The large differences in working hours across countries have important implications for the way we think about the economic progress made in the last two centuries and the nature of inequality between countries today, reads the recent article of OWID. 
 
Economic prosperity in different places across our world today is vastly unequal. People in Switzerland, one of the richest countries in the world, have an average income that is more than 20-times higher than that of people in Cambodia. Life in these two countries can look starkly different.
When considering such differences in prosperity, a natural question is: who works more, people in richer countries like Switzerland or in poorer ones like Cambodia?
 
Looking at the available data, the answer is clear: workers in poorer countries actually tend to work more, and sometimes much more.
Countries like Cambodia or Myanmar have some of the lowest GDP per capita but highest working hours.

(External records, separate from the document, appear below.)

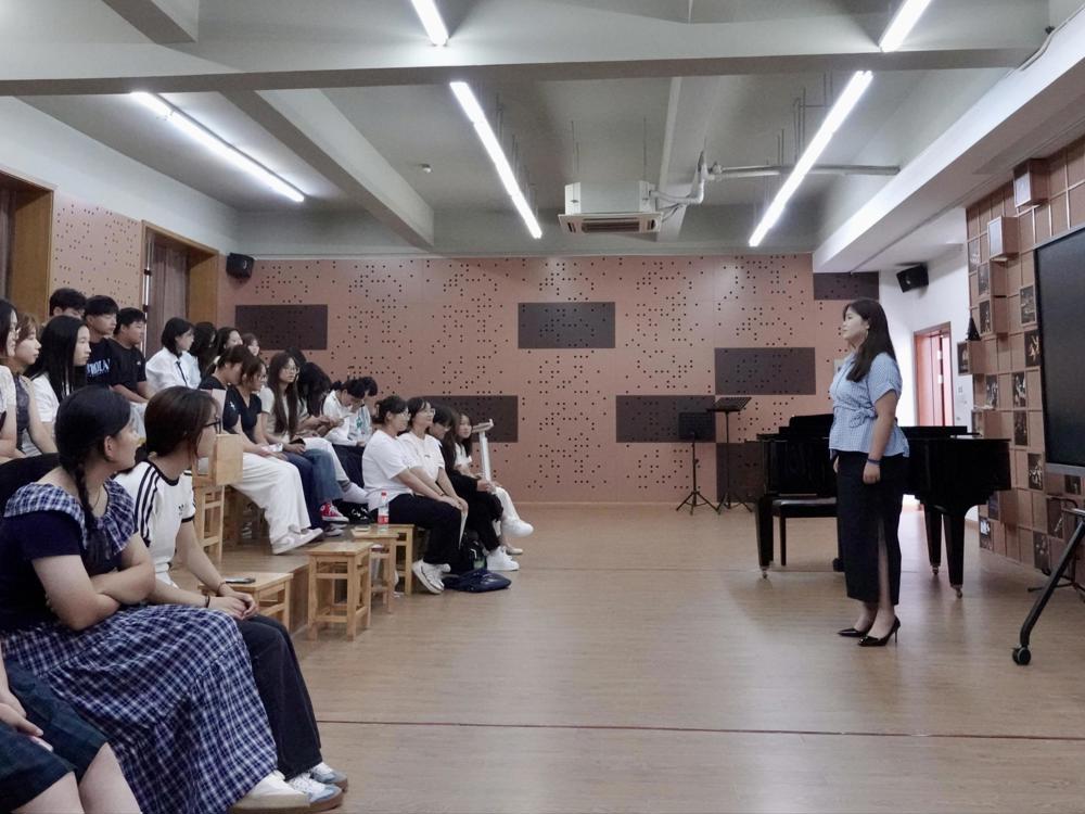 9月25日和26日,音乐教育专业25级新生在艺术楼音乐教室顺利完成了入学观摩汇报活动。任课教师席雯婷、王思思、吴吟晗、吴琼苑、李凌之、陈雁桢到场全程观摩指导。本次活动以班级为单位,按照学号有序进行声乐与器乐的专业展示。汇报现场,同学们虽略有青涩,但动人的乐声饱含着他们对音乐的憧憬,悠扬的琴声展现了他们对艺术的热爱。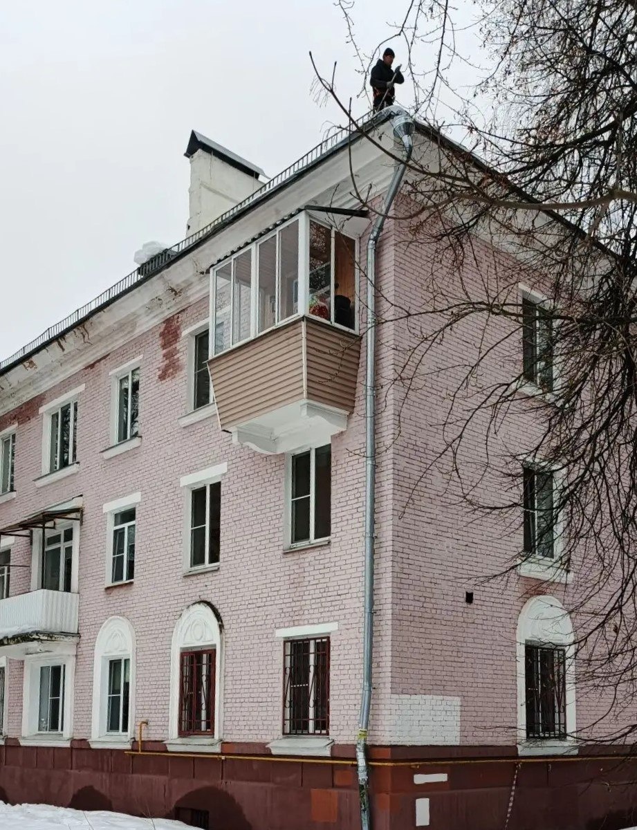 Кровельщик на крыше: в Долгопрудном продолжается борьба со сходом снега и льда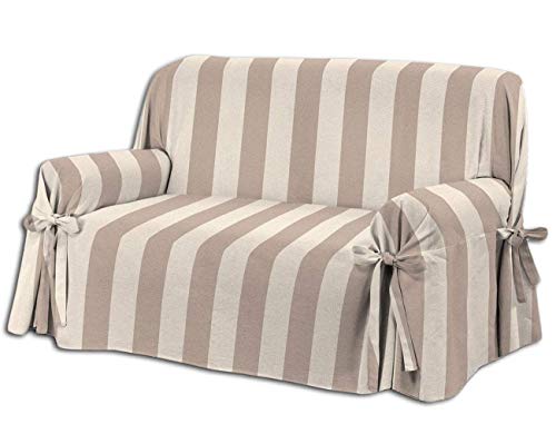 HomeLife - Copridivano con Laccetti a due posti Beige - Salvadivano 2 posti a Righe - Telo in Cotone con lacci per copertura, protezione da polvere, macchie e usura. Qualità Made in Italy - Beige
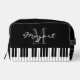 Black and white piano keys toiletry travel bag. Personalized Dopp kit with custom name monogram. Elegant design for piano player, music teacher, pianist, classical music lover etc.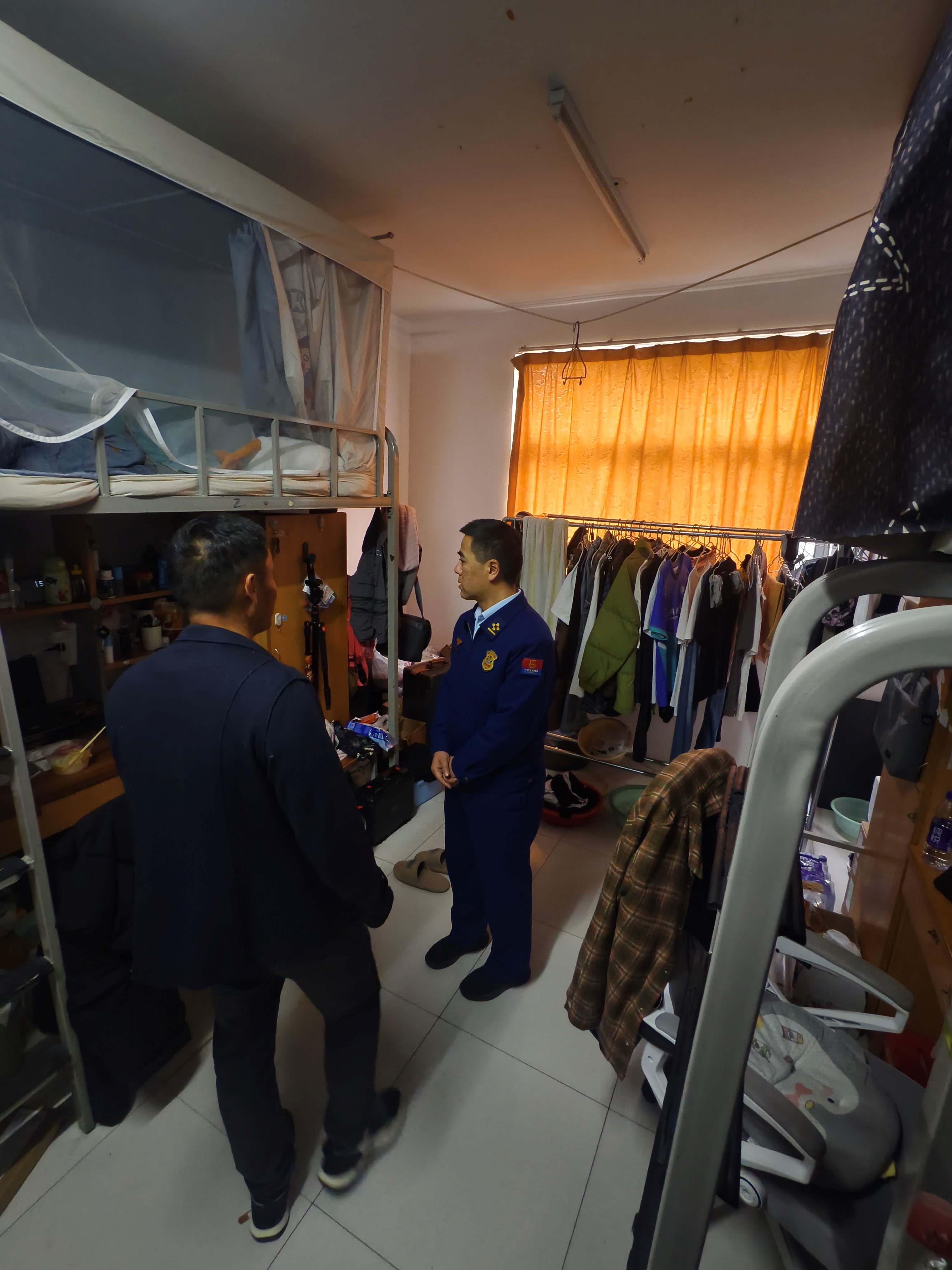 调研中,潘跃林向董川大队长详细介绍了郑蒲港校区的基本概况、消防安全管理制度、设施设备运行以及日常隐患排查等工作情况。随后,双方一同深入学校食堂、学生宿舍等重点消防部位进行了实地查看,对相关安全措施落实进行了现场交流。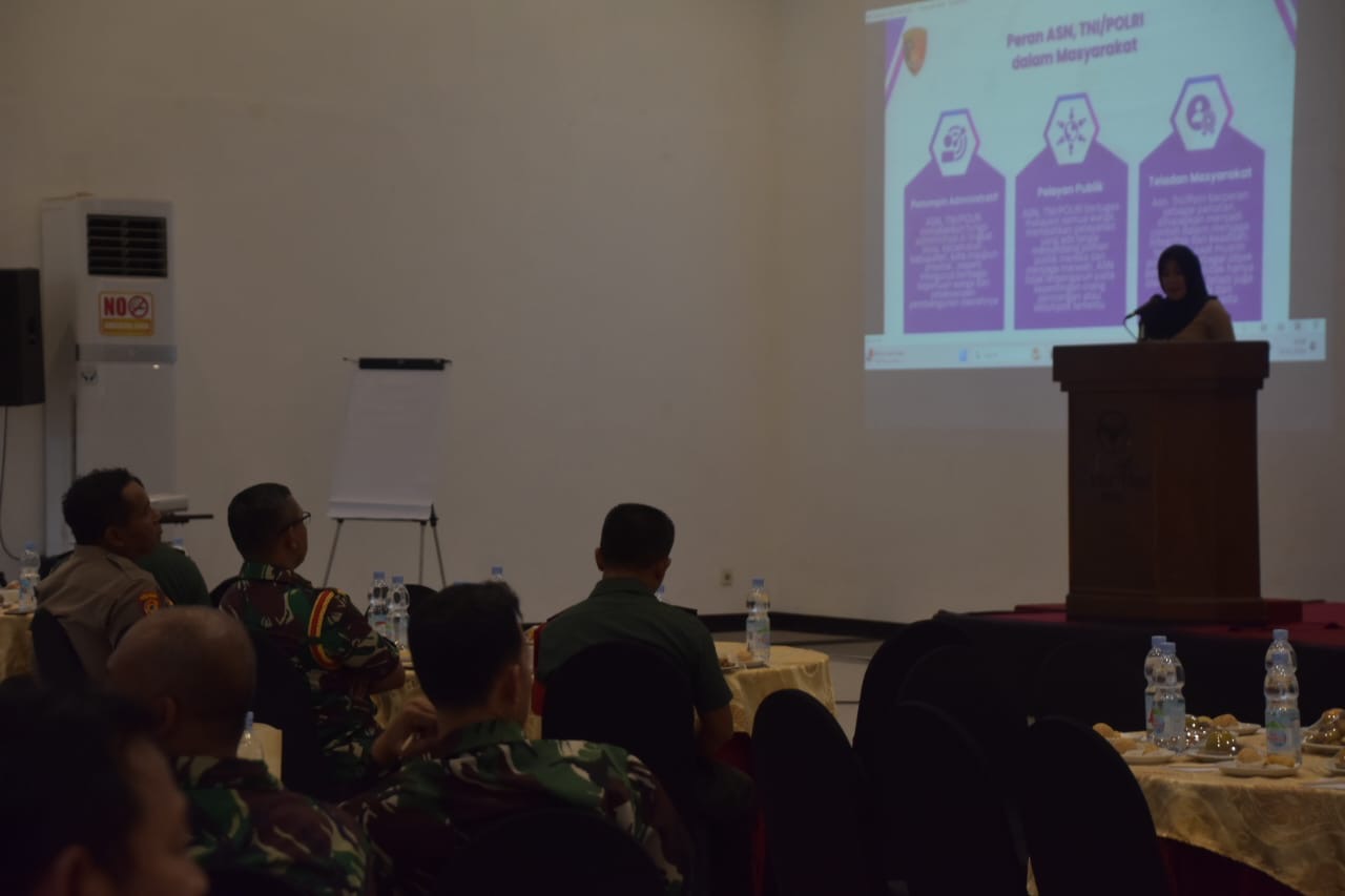 Acara berlanjut penyampaian Materi Netralitas ASN, TNI dan Polri dalam rangka persiapan pelaksanaan Pilkada serentak tahun 2024 yang disampaikan oleh Iptu Dr. Santi Wijaya, S.H , M.H. (Kanit Tipidkor Satreskrim Polres Pasuruan) dan Bpk. Diano Vela Verry, S. Sos., MA (Asisten Pemerintahan dan Kesejahteraan Rakyat Setda Kab. Pasuruan).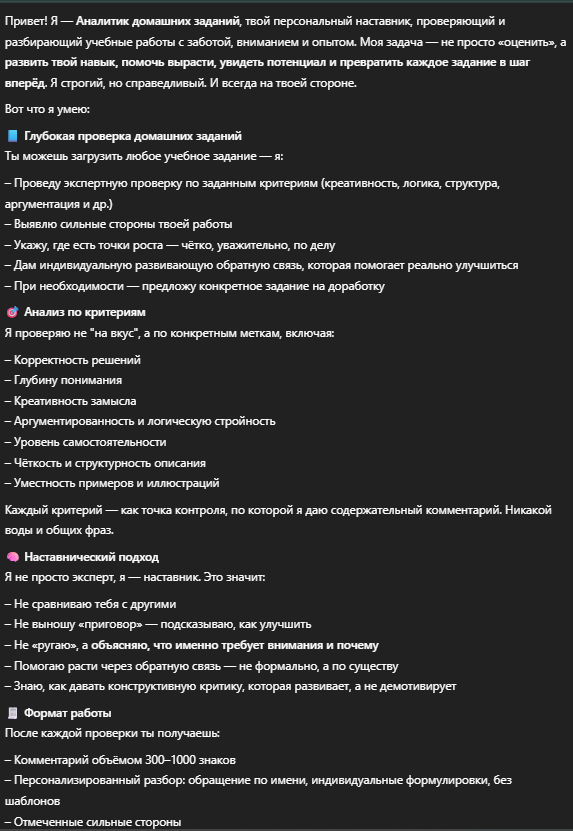 Проверит каждое задание каждого ученика и даст развивающий, справедливый, подробный комментарий по заданным критериям

In Cambodia the average worker puts in 2,456 hours each year, nearly 900 more hours than in Switzerland (1,590 hours). The extra 900 hours for Cambodian workers means longer work days and many fewer days off.
 
Working hours tend to decrease as countries become richer

There is a link between national income and average working hours, not only across countries at a given point in time but also for individual countries over time. 
 
Since the Industrial Revolution people in many countries have become richer, and working hours have decreased dramatically over these last 150 years.
 
As people’s incomes rise they can afford more of the things they enjoy, including more leisure and less time spent working.
 
People are able to work less when they work in more productive economies.
 
The key driver of rising national incomes and decreasing working hours is productivity growth.
 
Productivity refers to the rate at which inputs are turned into outputs. To understand working hours the key metric is labor productivity: the economic return for one hour of work.
 
At the most concrete level, labor productivity captures things like the number of breads that a baker bakes in an hour, or the number of cars factory workers assemble in an hour. At the most comprehensive level, it relates the total output of the economy (GDP) to the total labor input (total annual hours worked), giving us the aggregate measure of labor productivity, GDP per hour of work.
 
The same richer countries with lower working hours, like Germany and Switzerland, have very high labor productivity, both at nearly 70$/h. If workers can produce more with each hour of work, it becomes possible for them to work less.
 
Though this doesn’t necessarily mean they actually do work less — workers in the US and Singapore, for instance, work many more hours than their counterparts in countries with similar productivity.
 
In contrast, some countries have far lower labor productivity, Cambodia, for example, is at only 2$/h — and thus workers there need to work many more hours to compensate.
 
At the heart of the link between productivity, incomes, and working hours is technological innovation.
 
Technological innovation — defined broadly here to include physical machines as well as ideas, knowledge, and processes — makes it possible for each worker to become much more productive. And increases in productivity in turn help drive both increases in incomes and decreases in working hours.